From agent.log 2012-07-04 09:14:09,225 WARN [ResourceContainer.invoker.daemon-2] (org.rhq.plugins.jbossas5.WebApplicationContextComponent)- Failed to determine whether the web app context localhost is clustered or not. java.lang.RuntimeException: Failed to load [ComponentType{type=MBean, subtype=WebApplicationManager}] ManagedComponent [jboss.web:host=localhost,path=/jbossws,type=Manager]. at org.rhq.plugins.jbossas5.ManagedComponentComponent.getManagedComponent(ManagedComponentComponent.java:462) at org.rhq.plugins.jbossas5.WebApplicationContextComponent.start(WebApplicationContextComponent.java:102) at sun.reflect.GeneratedMethodAccessor32.invoke(Unknown Source) at sun.reflect.DelegatingMethodAccessorImpl.invoke(DelegatingMethodAccessorImpl.java:25) at java.lang.reflect.Method.invoke(Method.java:597) at org.rhq.core.pc.inventory.ResourceContainer$ComponentInvocationThread.call(ResourceContainer.java:634) at java.util.concurrent.FutureTask$Sync.innerRun(FutureTask.java:303) at java.util.concurrent.FutureTask.run(FutureTask.java:138) at java.util.concurrent.ThreadPoolExecutor$Worker.runTask(ThreadPoolExecutor.java:886) at java.util.concurrent.ThreadPoolExecutor$Worker.run(ThreadPoolExecutor.java:908) at java.lang.Thread.run(Thread.java:680) Caused by: java.lang.NullPointerException at org.rhq.plugins.jbossas5.ManagedComponentComponent.getManagedComponent(ManagedComponentComponent.java:459) ... 10 more
To add: as5 was down at this time, so it is a bit of corner case, but the plugin should nevertheless not throw a NPE.
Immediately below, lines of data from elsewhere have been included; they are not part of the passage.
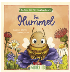
Mein erstes Naturbuch - Die Hummel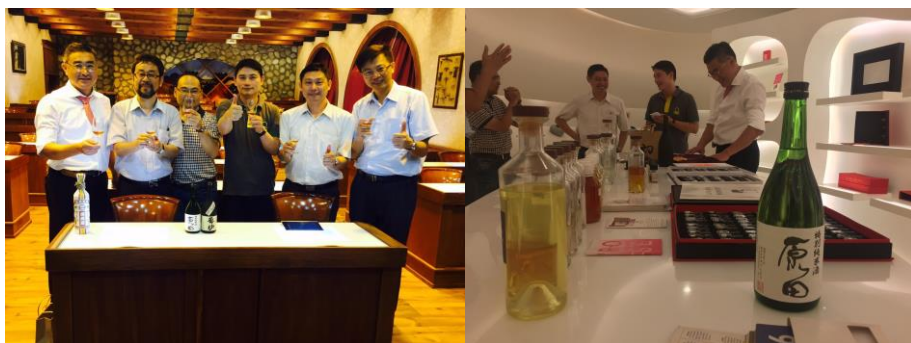
日本酒売り込み事前打ち合わせ(2016年6月)

2016年度に高雄市と周南市の交流として日台湾観光論壇を相互に開催した。高雄での開催は教育部補助及び周南市の予算による開催であり、周南市での開催は教育部の補助で実施された。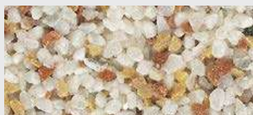
MAR2 M051 HBW 36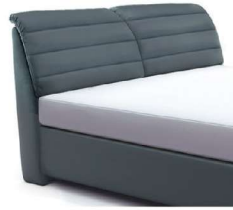
0850 Höhe 112 cm nur lieferbar bei Bettgrößen 160-200cm Breite Standard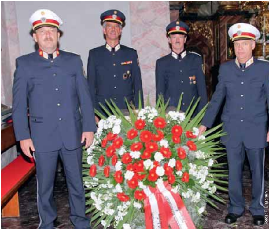
Ein Kranz wurde im Gedenken an die Opfer der gesamten Exekutive niedergelegt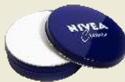
Creme Hidratante Nivea Lata 56g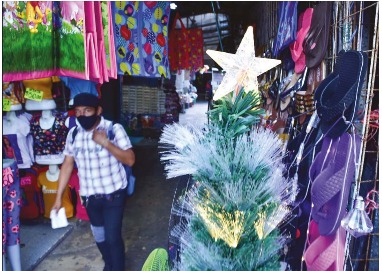
▲ Basado en el Semáforo Epidemiológico Nacional, la entidad se mantendrá en color verde hasta el 26 de diciembre.

Y es que según el reporte de este viernes, hay dos casos positivos nuevos y cero defunciones, cifra considerada positiva y que tenía más de dos meses sin presentarse, por lo que hoy anuncian dos semanas de riesgo bajo.

This is clearly an edge case because it happens only if the AS5 server is inventoried but the managing component is not started yet. A possible way to get into this state is to inventory the AS5 server, stop the AS5 server, and then restart the RHQ server. I inspected the code very carefully. The errors are just printed to the logs to show something is not right but they do not bubble anywhere. So from that perspective the code is good because it just logs the unusual circumstance and does not prevent the component from getting started. However, there is one scenario that is not correctly handled by the existing code. If an application is clustered and the scenario presented above happens, when the AS5 server gets online again, the plugin code will not recheck the clustered property, thus leaving the default value for the property (which is not clustered). The clustered flag is used only for a trait and not used by any other external code. Also the value is never refreshed. The operation to check for the clustered flag is very expensive, as it involves calls to the profile service. To fix this, the code that checks whether an application is clustered or not will be relocated outside of the start method. It will run on the first metrics collection (done only on started components that are available). The getter method that returns the cluster setting will return false until such time. The getter method will be marked as deprecated and left in the code to avoid potential problems with external plugins that rely on the content system. Also, the trait will not be reported by the agent until the property is retrieve successfully from the AS5 server.
release/jon3.1.x branch commit: http://git.fedorahosted.org/cgit/rhq/rhq.git/commit/?h=release/jon3.1.x&id=422438fa3b751562769cfe03be70e794376855dc
Moving to ON_QA since JON 3.1.1 ER2 build is availble - https://brewweb.devel.redhat.com/buildinfo?buildID=228250
verified with the scenario Stefan mentioned.
Bulk closing of old issues in VERIFIED state.